Required action:
A word-for-word copy of the listing is what's needed; leave out every image.

Supplied data:
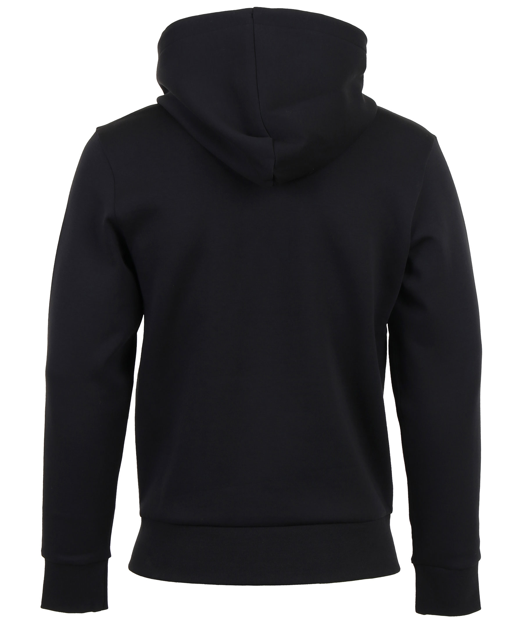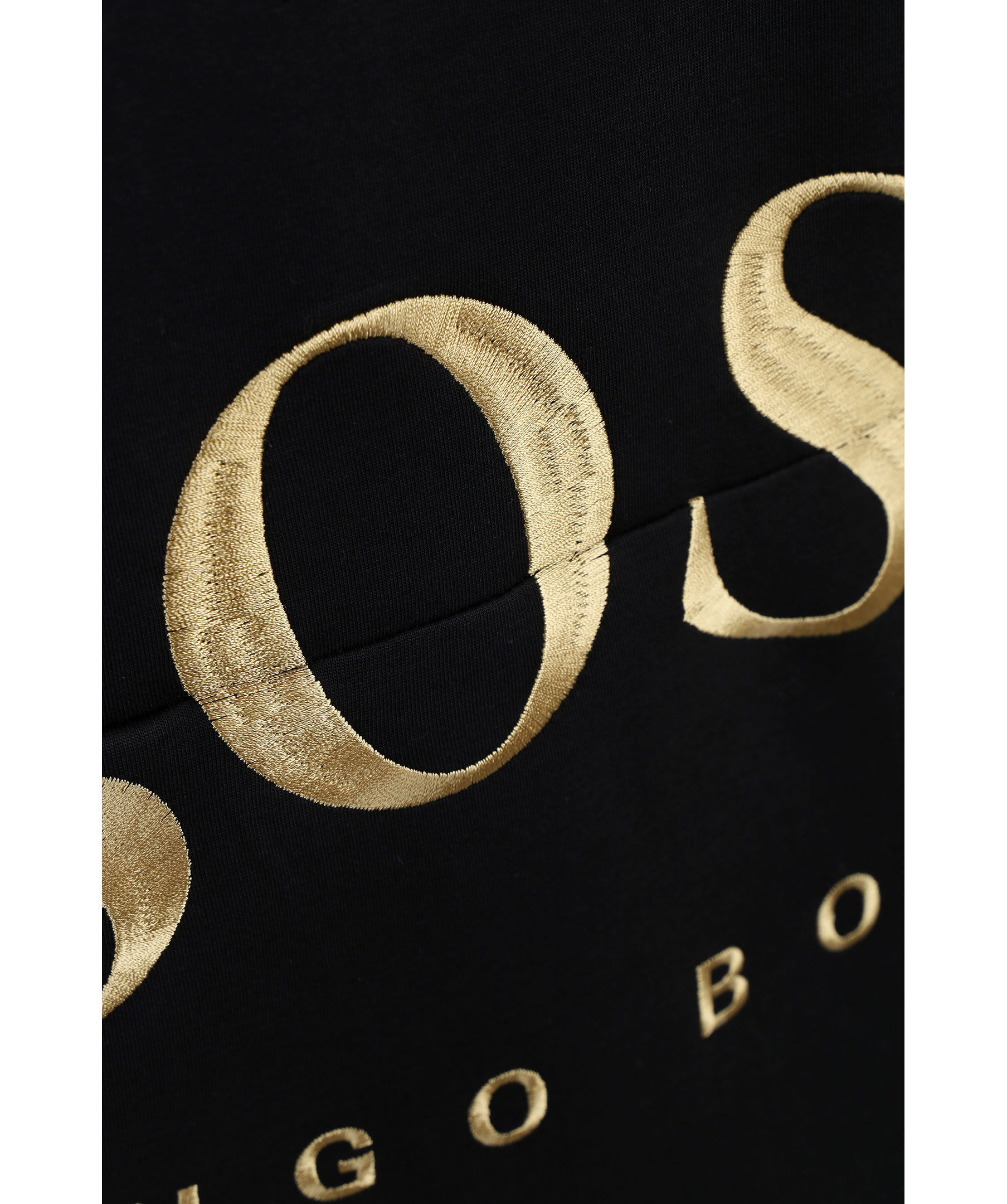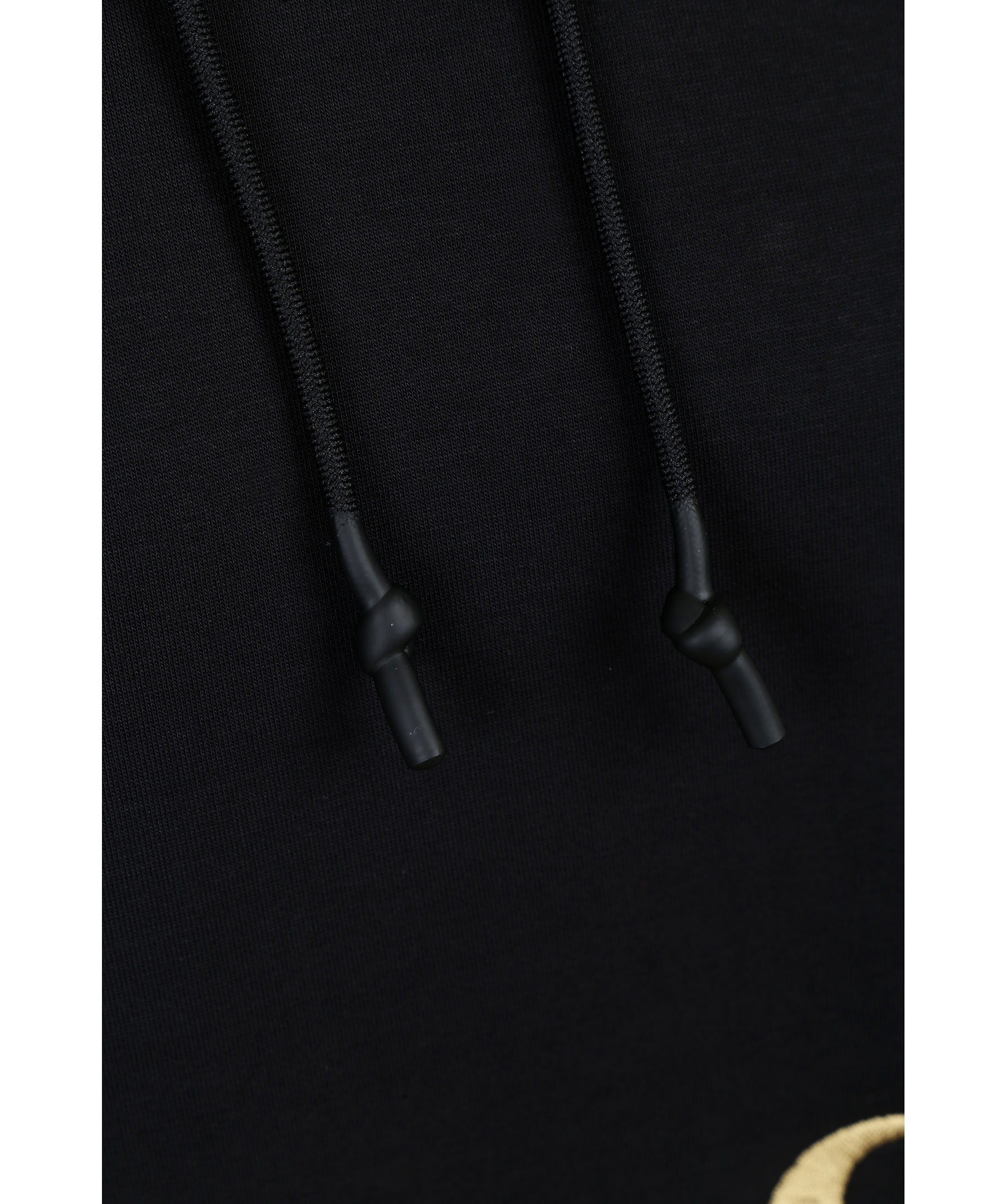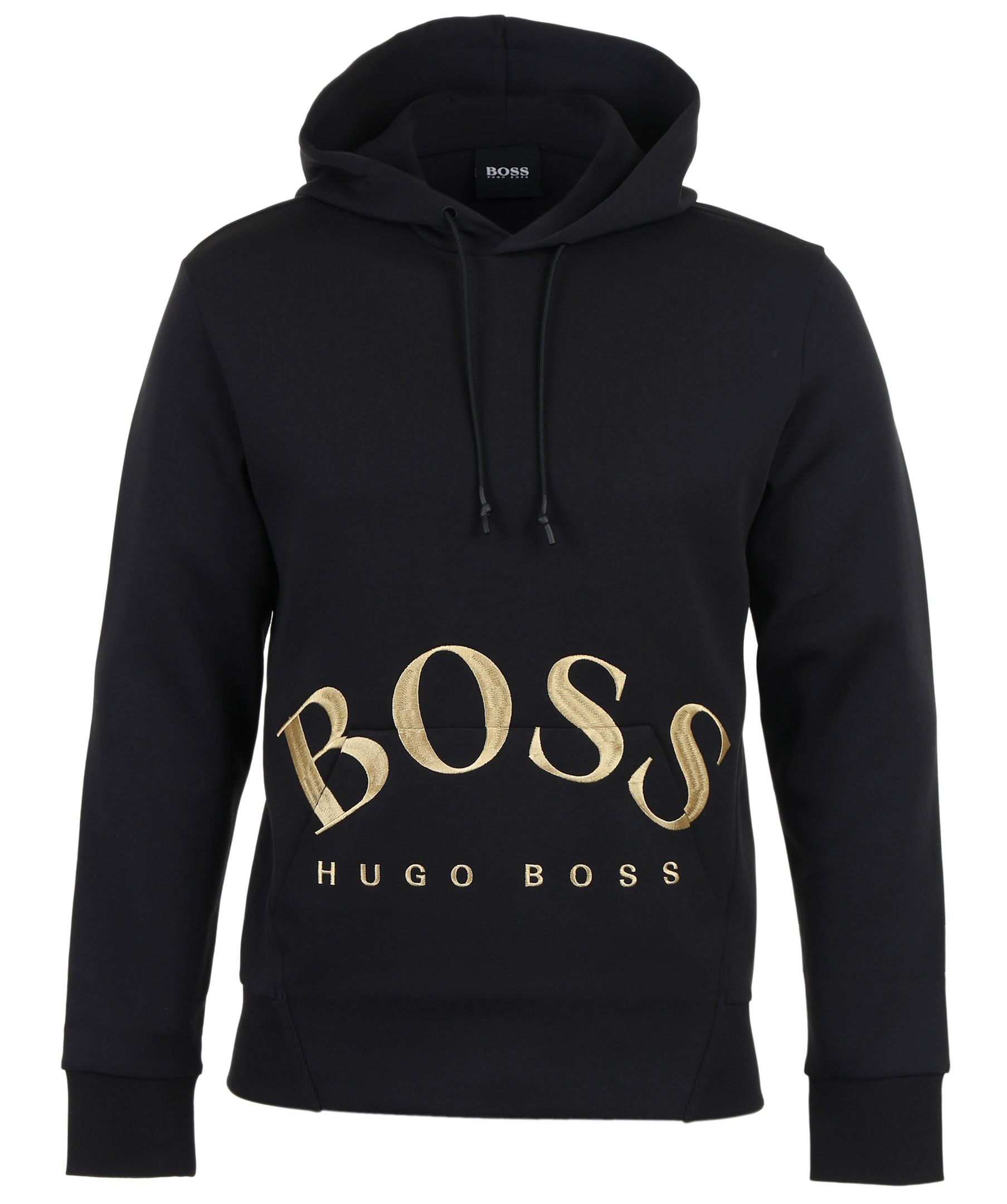 Svart hoodie med dragsko i luvan från Hugo Boss. Har stor guldfärgad, broderad logotyp på magen och muddar i ärm och plaggslut och ficka på magen.
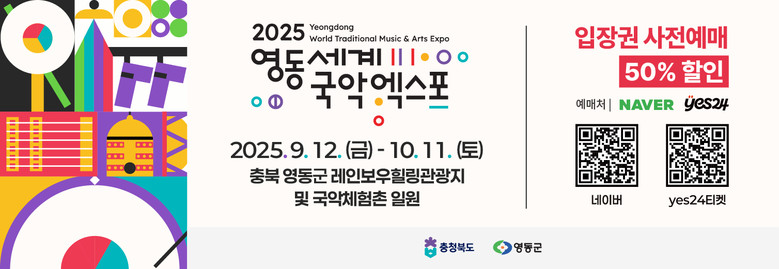 2025영동세계국악엑스포는 ‘국악의 향기, 세계를 물들이다’라는 주제로 세계 30개국이 참가하는 국제행사로 오는 9월 12일부터 10월 11일까지 한 달간 충북 영동에서 개최된다.
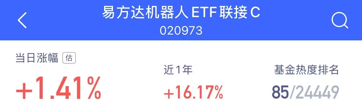 机器人板块今天还不错,此前在机器人指数回调时我已加大布局,近期企稳迹象到位,对我来说就是想趁着没起飞之前赶紧再把想加的布局完成。产业方面,我国机器人产业规模持续增长,大模型、具身智能等技术与机器人深度融合,正提升其交互与决策能力。我更关注的是特斯拉Optimus量产筹备等进展,目前已经在审厂,有望带动国内机器人产业链需求加码。我之前布局的$易方达机器人ETF联接C(OTCFUND|020973)$今天盘中估值表现还不错,今天可以躺平吃肉了
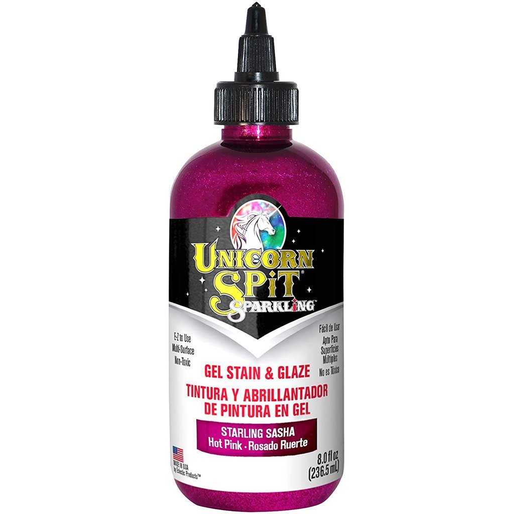 UNICORN Spit allows anyone to turn ordinary objects into personalized MASTERPIECES! Use on wood, glass, metal, fabric, pottery, wicker, concrete and laminate. Ideal for creating new - or - refinishing thousands of projects. Excellent for crafters, hobbyists, DIYers and pros alike! PAINT, GEL STAIN and GLAZE in One! Available in 6 vivid sparkling colors. Make your project as opaque or vibrant as your dreams require. Use as a paint or dilute with water to create a gel, glaze, stain, white wash or antiquing tint. Penetrates deep into bare wood grain or glazes over existing finishes, brightening and highlighting painted surfaces. Provides a 3-dimensional effect. Jasmine scented.

Result of this task:
 Svart hoodie med dragsko i luvan från Hugo Boss. Har stor guldfärgad, broderad logotyp på magen och muddar i ärm och plaggslut och ficka på magen.
 2025영동세계국악엑스포는 ‘국악의 향기, 세계를 물들이다’라는 주제로 세계 30개국이 참가하는 국제행사로 오는 9월 12일부터 10월 11일까지 한 달간 충북 영동에서 개최된다.
 机器人板块今天还不错,此前在机器人指数回调时我已加大布局,近期企稳迹象到位,对我来说就是想趁着没起飞之前赶紧再把想加的布局完成。产业方面,我国机器人产业规模持续增长,大模型、具身智能等技术与机器人深度融合,正提升其交互与决策能力。我更关注的是特斯拉Optimus量产筹备等进展,目前已经在审厂,有望带动国内机器人产业链需求加码。我之前布局的$易方达机器人ETF联接C(OTCFUND|020973)$今天盘中估值表现还不错,今天可以躺平吃肉了
 UNICORN Spit allows anyone to turn ordinary objects into personalized MASTERPIECES! Use on wood, glass, metal, fabric, pottery, wicker, concrete and laminate. Ideal for creating new - or - refinishing thousands of projects. Excellent for crafters, hobbyists, DIYers and pros alike! PAINT, GEL STAIN and GLAZE in One! Available in 6 vivid sparkling colors. Make your project as opaque or vibrant as your dreams require. Use as a paint or dilute with water to create a gel, glaze, stain, white wash or antiquing tint. Penetrates deep into bare wood grain or glazes over existing finishes, brightening and highlighting painted surfaces. Provides a 3-dimensional effect. Jasmine scented.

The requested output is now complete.